Re: reduce is too slow in StreamingKmeans

Suneel Marthi Tue, 18 Mar 2014 17:08:57 -0700

When dealing with Streaming KMeans, it would be helpful for troubleshooting 
purposes if u could provide the values for k (# of clusters), km ( = k log n) 
and n (# of datapoints).

Try setting -Xmx to a higher heap size and run the sequential version again.

I had seen OOM errors happen during the Reduce phase while running the MR 
version, my reduce heap size was set to 2GB and I was trying to cluster about 
2M datapoints each of cardinality 100 (that's after running thru SSVD-PCA).  

Speaking from my experience, its either been that the Reducer fails with OOM 
errors or is stuck forever at 76% (and raise alarms with the Operations stuck 
because its not making any progress).

How big is ur dataset and how long did it take for the map phase to complete? 

On Tuesday, March 18, 2014 12:54 AM, fx MA XIAOJUN <xiaojun...@fujixerox.co.jp> 
wrote:

As mahout streamingkmeans has no problems in sequential mode, 
I would like to try sequential mode.
However, "java.lang.OutofMemoryError" occurs.

I wonder where to set JVM heap size for sequential mode?
Is it the same with mapreduce mode?

-----Original Message-----
From: fx MA XIAOJUN [mailto:xiaojun...@fujixerox.co.jp] 
Sent: Tuesday, March 18, 2014 10:50 AM
To: Suneel Marthi; user@mahout.apache.org
Subject: RE:
 reduce is too slow in StreamingKmeans

Thank you for your extremely quick reply.

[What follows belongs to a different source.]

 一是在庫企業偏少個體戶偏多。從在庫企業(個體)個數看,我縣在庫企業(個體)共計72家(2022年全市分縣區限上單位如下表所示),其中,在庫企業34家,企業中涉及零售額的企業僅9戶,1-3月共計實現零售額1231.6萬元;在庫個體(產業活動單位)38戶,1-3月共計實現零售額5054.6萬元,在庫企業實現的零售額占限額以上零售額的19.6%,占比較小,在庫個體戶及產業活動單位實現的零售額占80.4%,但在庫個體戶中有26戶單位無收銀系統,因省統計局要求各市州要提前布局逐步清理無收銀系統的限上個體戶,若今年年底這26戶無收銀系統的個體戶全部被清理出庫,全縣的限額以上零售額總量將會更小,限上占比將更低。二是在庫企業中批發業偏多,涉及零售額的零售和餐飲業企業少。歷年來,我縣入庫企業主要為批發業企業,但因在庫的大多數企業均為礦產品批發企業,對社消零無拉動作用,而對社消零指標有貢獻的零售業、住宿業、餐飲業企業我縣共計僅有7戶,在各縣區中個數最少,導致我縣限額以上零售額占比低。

>> What do u mean by this? kmeans hasn't changed between 0.8 and 0.9. Did u 
>> mean Streaming KMeans here?
I want to try using -rskm in streaming kmeans. 
But in mahout 0.8, if setting -rskm as true, errors occur.
I heard that the bug has been fixed in 0.9. So I upgraded 0.8->0.9

The hadoop I installed is cdh5-MRv1, corresponding to hadoop 0.20, not hadoop 
2.x(YARN)
cdh5-MRv1 has compatible version of mahout(mahout-0.8+cdh5.0.0b2+28) which is 
compiled by cloudera.
So I uninstalled mahout-0.8+cdh5.0.0b2+28, and installed apache mahout 0.9 
distribution. 
It turned out that "Mahout kmeans" runs very well on mapreduce.
However, "Mahout
 streamingkmeans" runs properly in sequential mode, but fails in mapreduce mode.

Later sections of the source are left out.